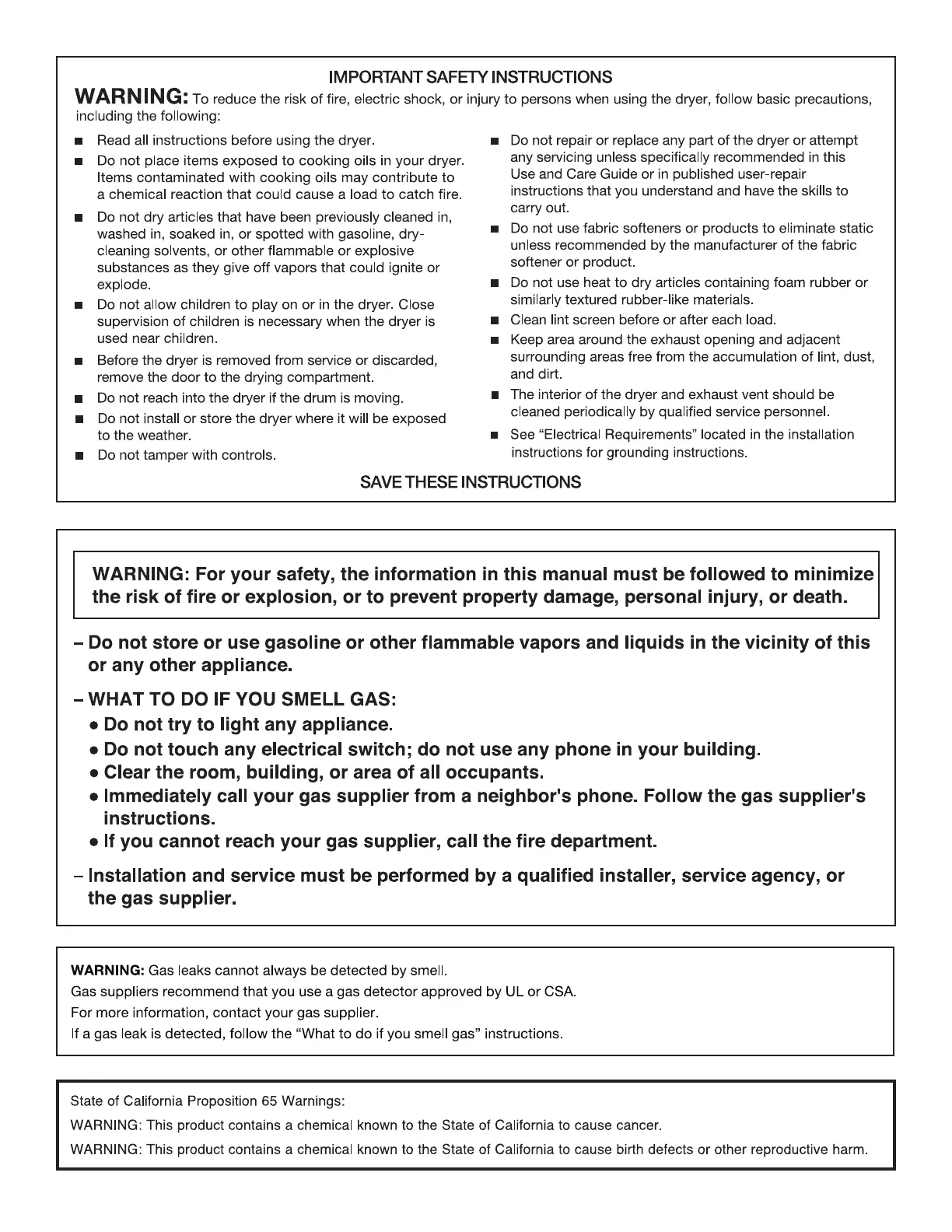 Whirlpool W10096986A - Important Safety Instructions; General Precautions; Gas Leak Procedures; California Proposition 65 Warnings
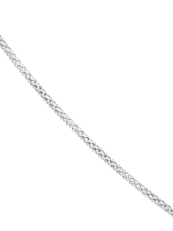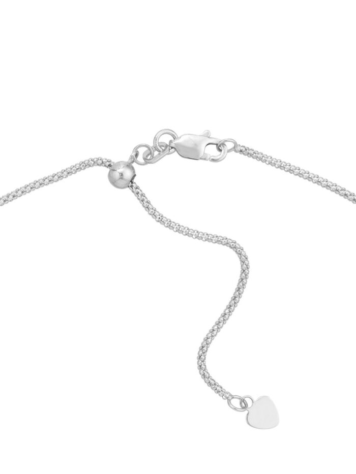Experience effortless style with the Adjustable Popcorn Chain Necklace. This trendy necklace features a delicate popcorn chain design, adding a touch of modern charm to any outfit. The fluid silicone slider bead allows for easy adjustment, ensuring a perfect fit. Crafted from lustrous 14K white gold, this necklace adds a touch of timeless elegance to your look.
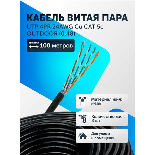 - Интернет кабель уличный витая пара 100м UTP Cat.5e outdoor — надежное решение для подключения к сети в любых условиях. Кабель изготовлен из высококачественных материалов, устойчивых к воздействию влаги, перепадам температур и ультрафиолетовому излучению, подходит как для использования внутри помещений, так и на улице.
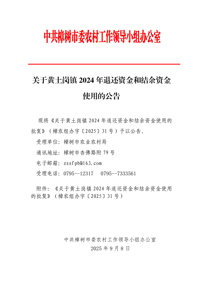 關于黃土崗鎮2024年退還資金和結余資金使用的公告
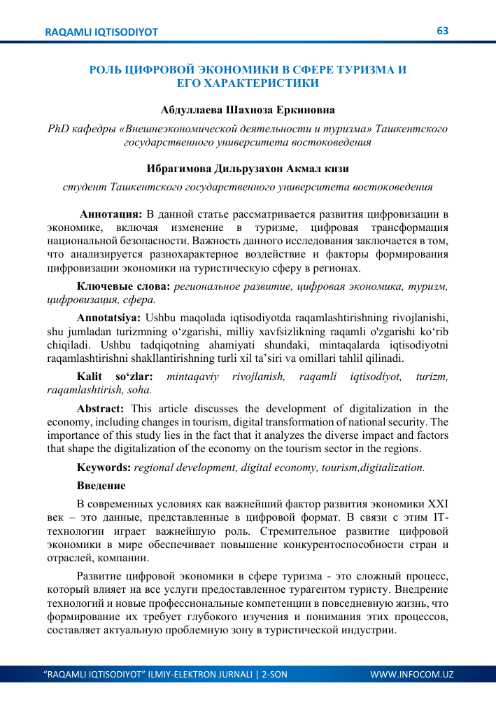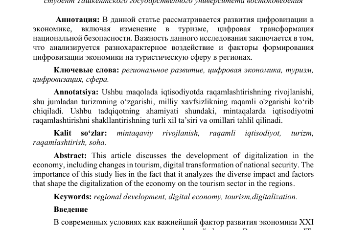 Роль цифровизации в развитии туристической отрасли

> Required action
Only the pictures are dropped. Otherwise, write out the listing exactly.

> Response
 Whirlpool W10096986A - Important Safety Instructions; General Precautions; Gas Leak Procedures; California Proposition 65 Warnings
Experience effortless style with the Adjustable Popcorn Chain Necklace. This trendy necklace features a delicate popcorn chain design, adding a touch of modern charm to any outfit. The fluid silicone slider bead allows for easy adjustment, ensuring a perfect fit. Crafted from lustrous 14K white gold, this necklace adds a touch of timeless elegance to your look.
 - Интернет кабель уличный витая пара 100м UTP Cat.5e outdoor — надежное решение для подключения к сети в любых условиях. Кабель изготовлен из высококачественных материалов, устойчивых к воздействию влаги, перепадам температур и ультрафиолетовому излучению, подходит как для использования внутри помещений, так и на улице.
 關于黃土崗鎮2024年退還資金和結余資金使用的公告
 Роль цифровизации в развитии туристической отрасли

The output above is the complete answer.